According to audio commentary on the DVD release of Season 2, the second-season finale "Starcrossed" was expected to be the final episode of the series. However, in February 2004, Cartoon Network announced a follow-up series, Justice League Unlimited, which premiered on July 31, 2004, and featured a larger roster of characters.

It is the first series in the DC Animated Universe to fully use digital ink and paint, also the first to be produced in widescreen starting in Season 2.

Production
Kevin Conroy reprised his voice role as Batman from Batman: The Animated Series (1992–1995), The New Batman Adventures (1997–1999), and Batman Beyond (1999–2001). Batman's costume was redesigned, but this time, his costume was a combination of his last three costumes. The same costume from The New Batman Adventures is retained, but with the blue highlights from the Batman: The Animated Series costume and the long-ears from the Batman Beyond costume are added to the costume.

Tim Daly, who voiced Superman in Superman: The Animated Series (1996–2000) was initially involved but was unable to continue his role due to involvement with The Fugitive (a short-lived remake of the original 1963 TV series), and was replaced by George Newbern.

Alongside Kevin Conroy and George Newbern as Superman, joining the rest of the main cast is Susan Eisenberg as Wonder Woman, Maria Canals-Barrera as Hawkgirl, Phil Lamarr as John Stewart, Michael Rosenbaum as Wally West / The Flash and Carl Lumbly as J'onn J'onnz / Martian Manhunter.
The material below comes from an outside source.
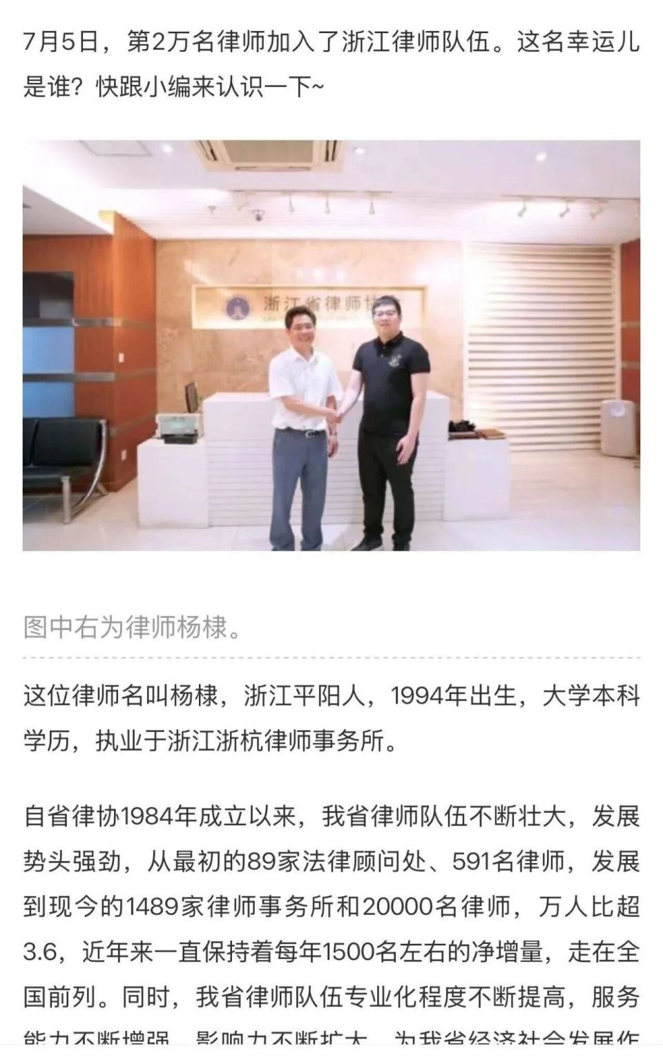 笔者检索发现,在2017年浙江省律协一篇宣传报道中,杨棣还被描述为浙江省的第2万名律师,并配上了其本人照片。

Superman was initially redesigned to have a bit of a squint to his eyes as well as cheekbones that were meant to make him look older than he did in Superman The Animated Series. Fans did not like the older appearance and in the second season the squint, grey streak and cheekbones were removed, in essence reverting Superman to his earlier animated look. As an in-joke, Superman's season one facial designs are used for an older Jor-El in the Justice League Unlimited episode "For the Man Who Has Everything". Furthermore, a common complaint in the first season of Justice League was Superman's powers being toned down even more than in Superman: The Animated Series to the point of being portrayed as unnaturally weak and vulnerable to harm, most episodes showing him being consistently taken down by foes he should not have a problem with. This was changed from the second season onwards, where his power-levels were upped.

Several actors in previous DCAU shows also reprise their roles, including Dana Delany as Lois Lane, David Kaufman as Jimmy Olsen, Efrem Zimbalist Jr. as Alfred Pennyworth, Shelley Fabares and Mike Farrell as Jonathan and Martha Kent, Mark Hamill as the Joker, Clancy Brown as Lex Luthor, Corey Burton as Brainiac, Ron Perlman as Clayface, Arleen Sorkin as Harley Quinn, Peri Gilpin as Volcana, Diane Pershing as Poison Ivy, Mark Rolston as Firefly, Ted Levine as Sinestro, Michael Ironside as Darkseid, Michael Dorn as Kalibak, Lisa Edelstein as Mercy Graves, and Brad Garrett as Lobo. Due to budgetary reasons in the episode "Hereafter," Corey Burton served as a substitute for Bud Cort as Toyman and Malcolm McDowell as Metallo, although both Cort and McDowell would reprise their roles in Justice League Unlimited. Likewise, Maria Canals (who provides the voice for Hawkgirl) voiced Livewire in the same episode, instead of Lori Petty.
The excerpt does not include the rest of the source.